Large-scale Lindblad learning from time-series data
Ewout van den Berg, Brad Mitchell, Ken Xuan Wei, Moein Malekakhlagh
TL;DR
This work tackles learning a Lindblad master equation describing noisy quantum operations from time-resolved data generated by repeated circuits. It exploits Ehrenfest’s theorem to cast the problem into a linear least-squares form $A x = b$ with $x=[\alpha;\beta]$, where $H=\sum_k \alpha_k P_k$ and $\mathcal{L}(\rho)= -\frac{i}{\hbar}[H,\rho] + \sum_{ij} \beta_{ij}(P_i\rho P_j^\dagger - \frac{1}{2}\{P_j^\dagger P_i, \rho\})$. Observables' time traces $\langle O(t)\rangle$ are fit as sums of exponentially damped sinusoids, $\langle O(t)\rangle = \sum_j a_j e^{b_j t}\cos(\omega_j t + \varphi_j)$, to obtain derivatives and populate $b$. Optimization minimizes $\frac{1}{2}\|A x - b\|^2$ subject to a positive-semidefinite constraint $B(x)\succeq 0$, ensuring a CPTP Lindbladian, and scales linearly with qubits for local connectivity.
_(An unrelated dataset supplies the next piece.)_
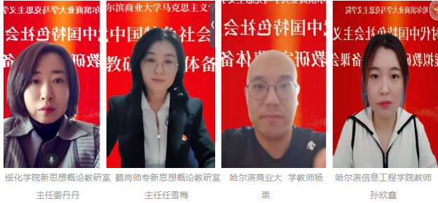 第二阶段为点评环节,点评教师为绥化学院马克思主义学院新思想概论教研室主任姜丹丹、鹤岗师范高等专科学校思政部新思想概论教研室主任任雪梅、哈尔滨商业大学马克思主义学院新思想概论教研室讲师杨崇、哈尔滨信息工程学院马克思主义学院新思想概论教研室讲师孙欣鑫。

Experimentally, they demonstrate learning a full layer of gates on a 156-qubit IBM processor, analyze SPAM/readout errors, and show that a fine-tuning step can further improve agreement with data.
Abstract
In this work, we develop a protocol for learning a time-independent Lindblad model for operations that can be applied repeatedly on a quantum computer. The protocol is highly scalable for models with local interactions and is in principle insensitive to state-preparation errors. At its core, the protocol forms a linear system of equations for the model parameters in terms of a set of observable values and their gradients. The required gradient information is obtained by fitting time-series data with sums of exponentially damped sinusoids and differentiating those curves. We develop a robust curve-fitting procedure that finds the most parsimonious representation of the data up to shot noise. We demonstrate the approach by learning the Lindbladian for a full layer of gates on a 156-qubit superconducting quantum processor, providing the first learning experiment of this kind. We study the effects of state-preparation and measurement errors and limitations on the operations that can be learned. For improved performance under readout errors, we propose an optional fine-tuning strategy that improves the fit between the time-evolved model and the measured data.